--- RECORDS Enclosed Below ---

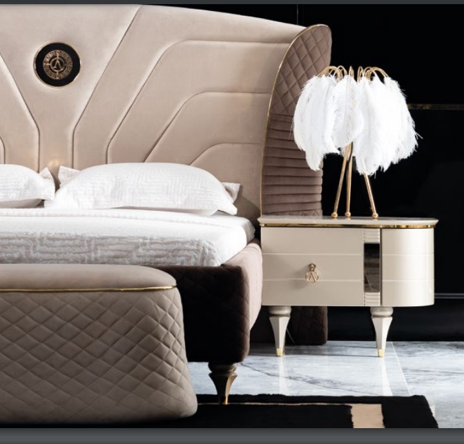 Luxury Set Bedroom Bed Bedside table Chest of drawers Stool Group Suite new 5-piece.
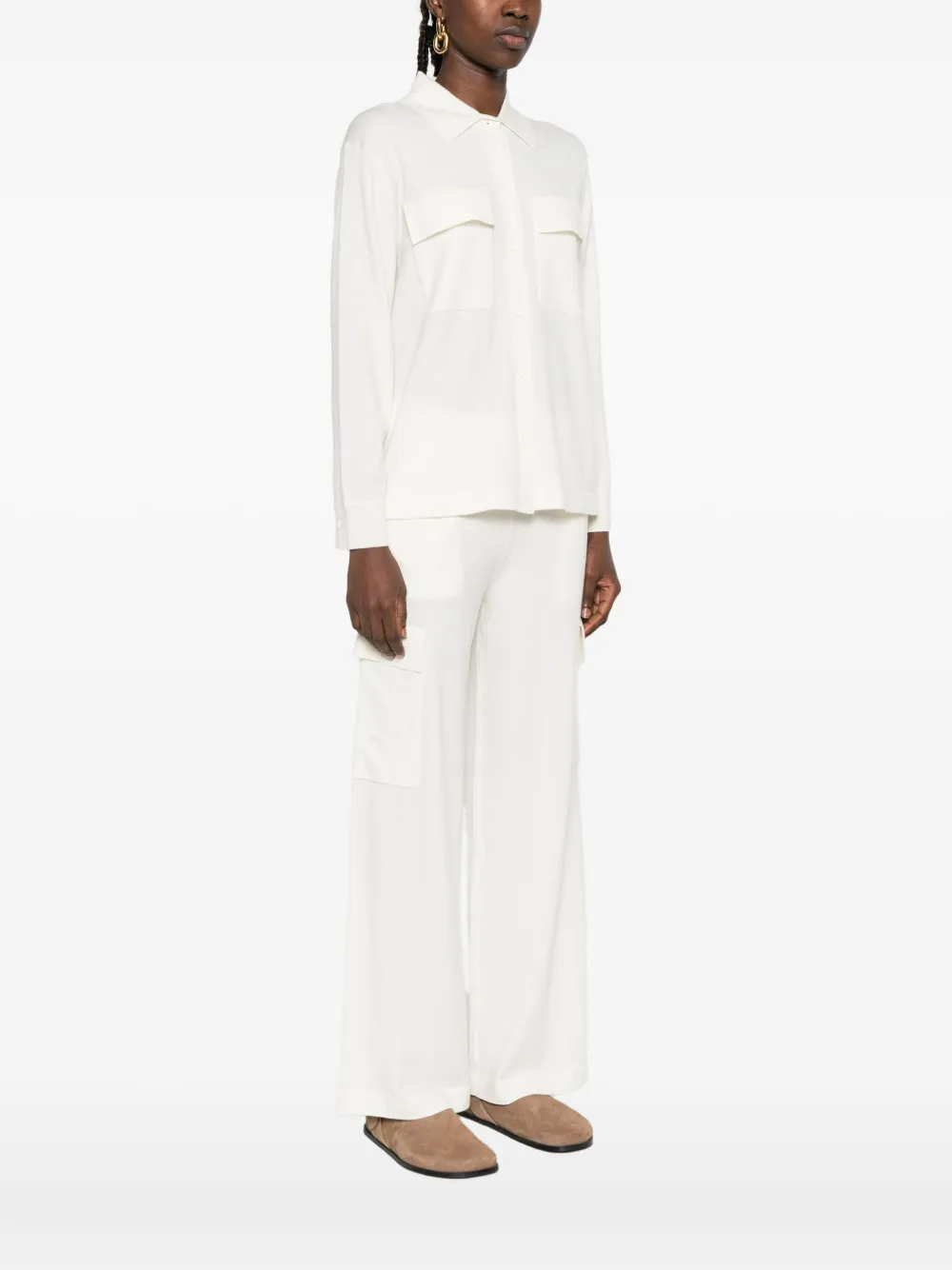 Белый воротник, длинные рукава, застежка на пуговицы спереди, два нагрудных кармана с клапанами, прямой подол.
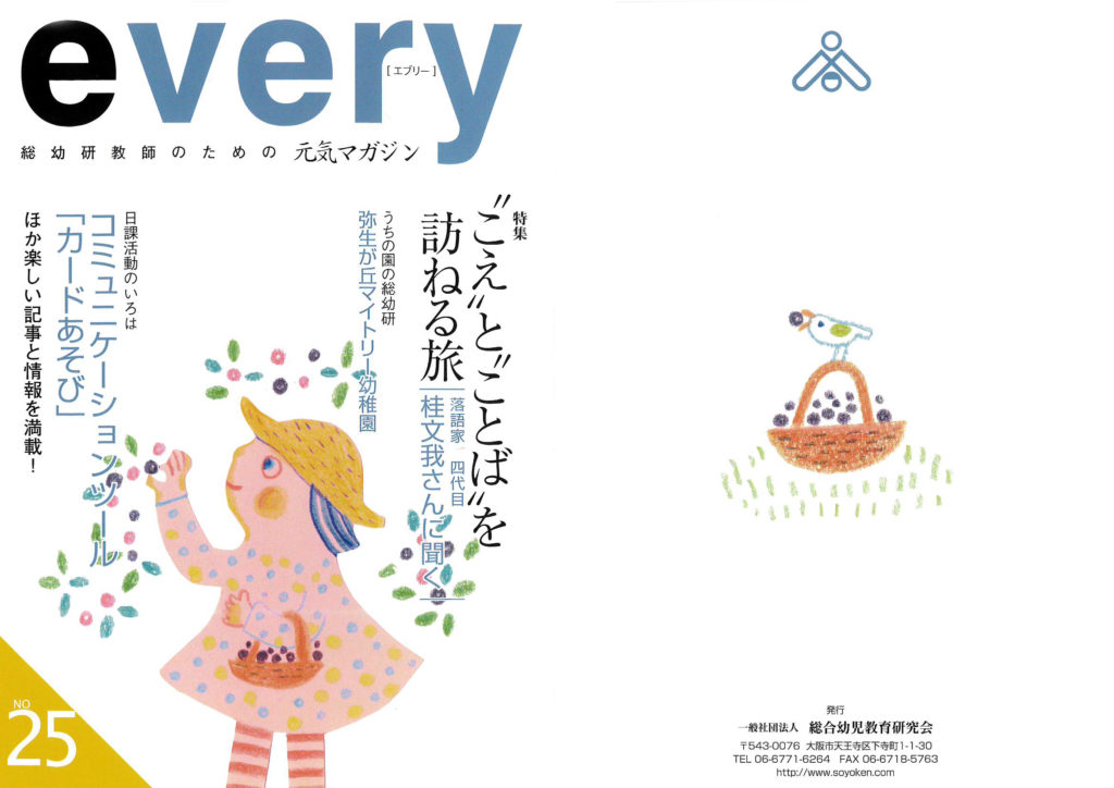 エブリ―は、総幼研職員のための元気マガジンです。今回の25号のコンテンツ一部抜粋は以下の通りです。◆こえとことばを訪ねる旅/落語家 四代目桂文我さんに聞く◆うちの園の総幼研/訪問ルポ/佐賀県 弥生が丘マイトリー幼稚園◆Topics ことばの旅 総幼... -
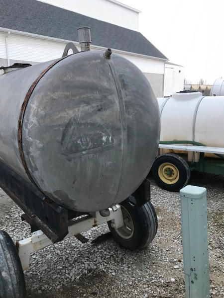 Liquid Nurse Tank (PZ0877), 1000 gallon aluminum liquid nurse tank, 5th wheel running gear, 11L-15 flotation tires.
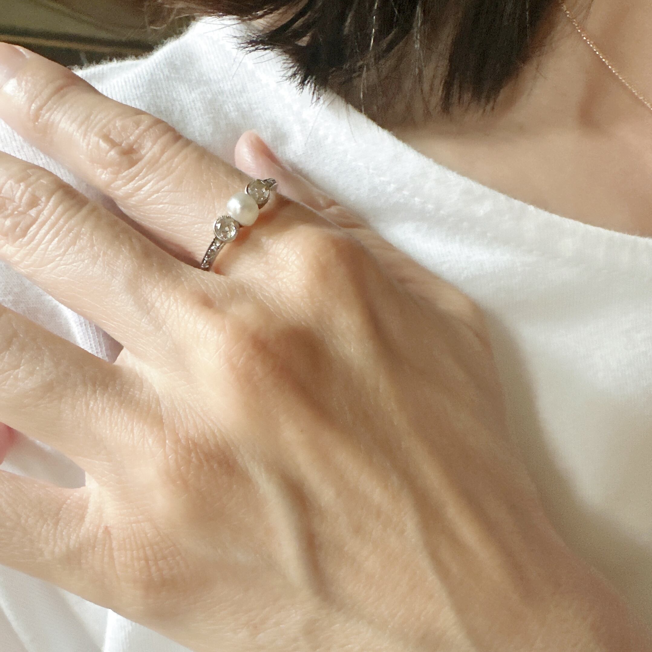 時の海から現れた宝物 ― ナチュラルパールとオールドカットダイヤモンドのエドワーディアン(ベルエポック)・リング
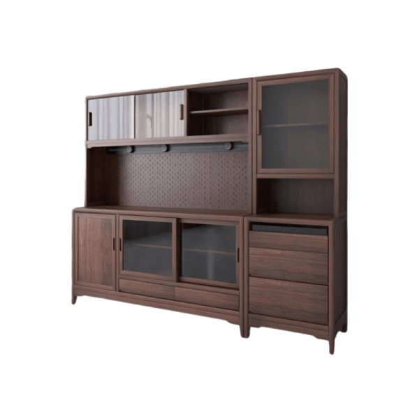 最后,我们来看杞枝实木餐边柜。这款高柜以北美黑胡桃木为主要材质,展现出新中式的优雅设计。它不仅仅是一款储物柜,更是一件可以提升家居格调的艺术品。
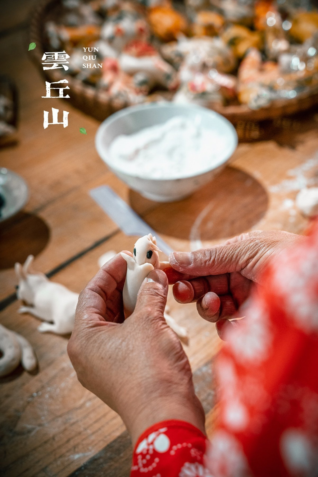 接着,大姐用剪刀在捏成的初坯上剪出各种造型,又用篦子和筷子在上面印出图案花纹,再将各式各样的装饰物点缀其间,有做眼睛的花椒仁和龙眼核、做嘴巴的红豆、做牛角的红辣椒……一切简单易得的东西在大姐的手里变得神气活现、意趣盎然。
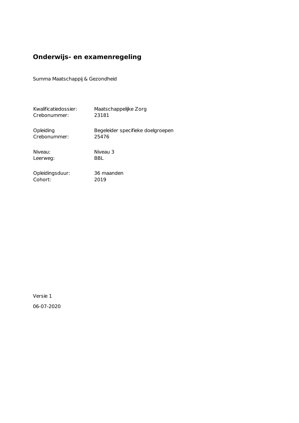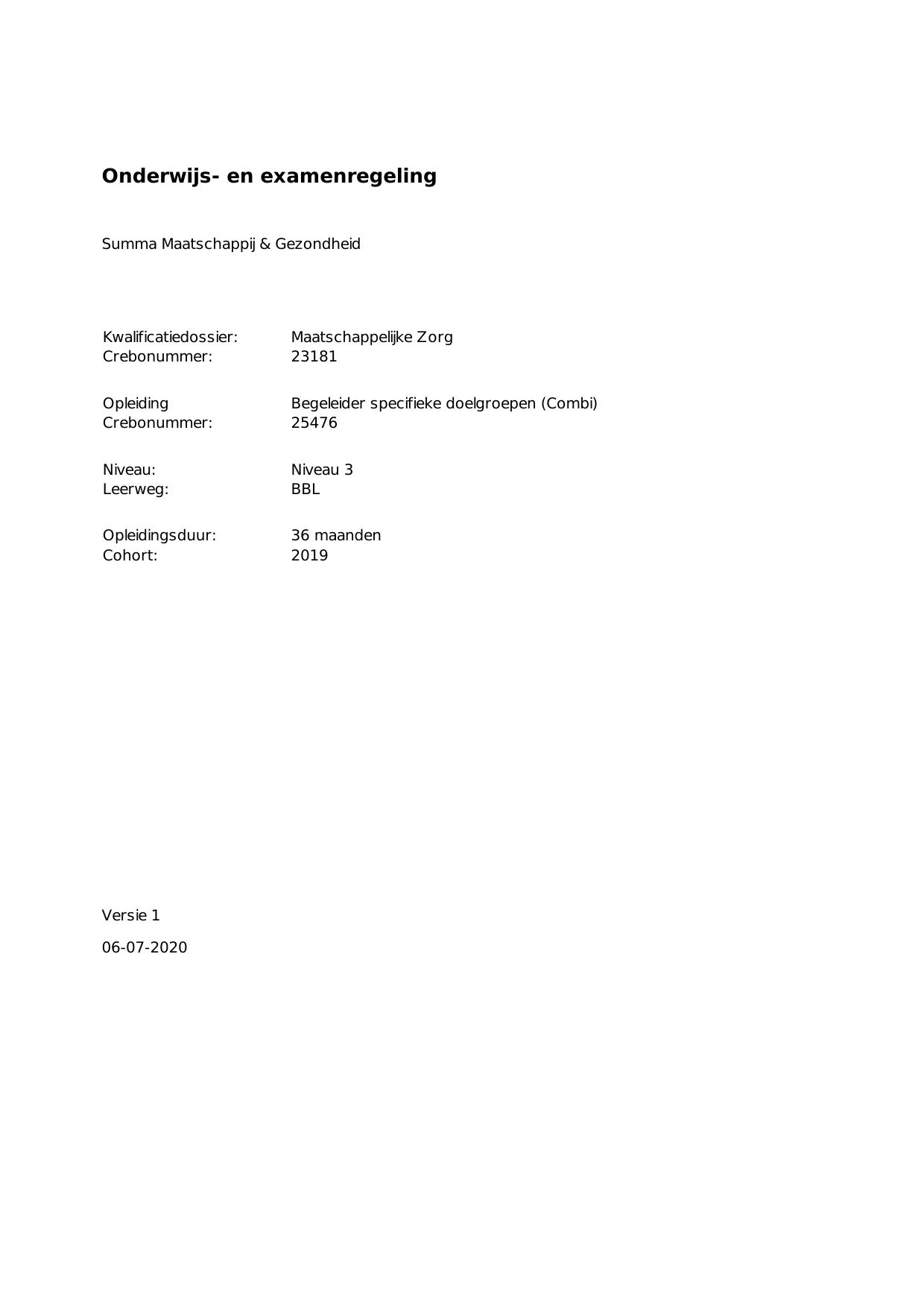 Begeleider specifieke doelgroepen (Combi) 25476BBL36.01 in cohort 2019-2020

--- End of Enclosed RECORDS ---

* _ABOUT THIS TASK_: Images aside, return each entry above precisely as it stands.

* _RESULT FOR THIS EXERCISE_:
 Luxury Set Bedroom Bed Bedside table Chest of drawers Stool Group Suite new 5-piece.
 Белый воротник, длинные рукава, застежка на пуговицы спереди, два нагрудных кармана с клапанами, прямой подол.
 エブリ―は、総幼研職員のための元気マガジンです。今回の25号のコンテンツ一部抜粋は以下の通りです。◆こえとことばを訪ねる旅/落語家 四代目桂文我さんに聞く◆うちの園の総幼研/訪問ルポ/佐賀県 弥生が丘マイトリー幼稚園◆Topics ことばの旅 総幼... -
 Liquid Nurse Tank (PZ0877), 1000 gallon aluminum liquid nurse tank, 5th wheel running gear, 11L-15 flotation tires.
 時の海から現れた宝物 ― ナチュラルパールとオールドカットダイヤモンドのエドワーディアン(ベルエポック)・リング
 最后,我们来看杞枝实木餐边柜。这款高柜以北美黑胡桃木为主要材质,展现出新中式的优雅设计。它不仅仅是一款储物柜,更是一件可以提升家居格调的艺术品。
 接着,大姐用剪刀在捏成的初坯上剪出各种造型,又用篦子和筷子在上面印出图案花纹,再将各式各样的装饰物点缀其间,有做眼睛的花椒仁和龙眼核、做嘴巴的红豆、做牛角的红辣椒……一切简单易得的东西在大姐的手里变得神气活现、意趣盎然。
 Begeleider specifieke doelgroepen (Combi) 25476BBL36.01 in cohort 2019-2020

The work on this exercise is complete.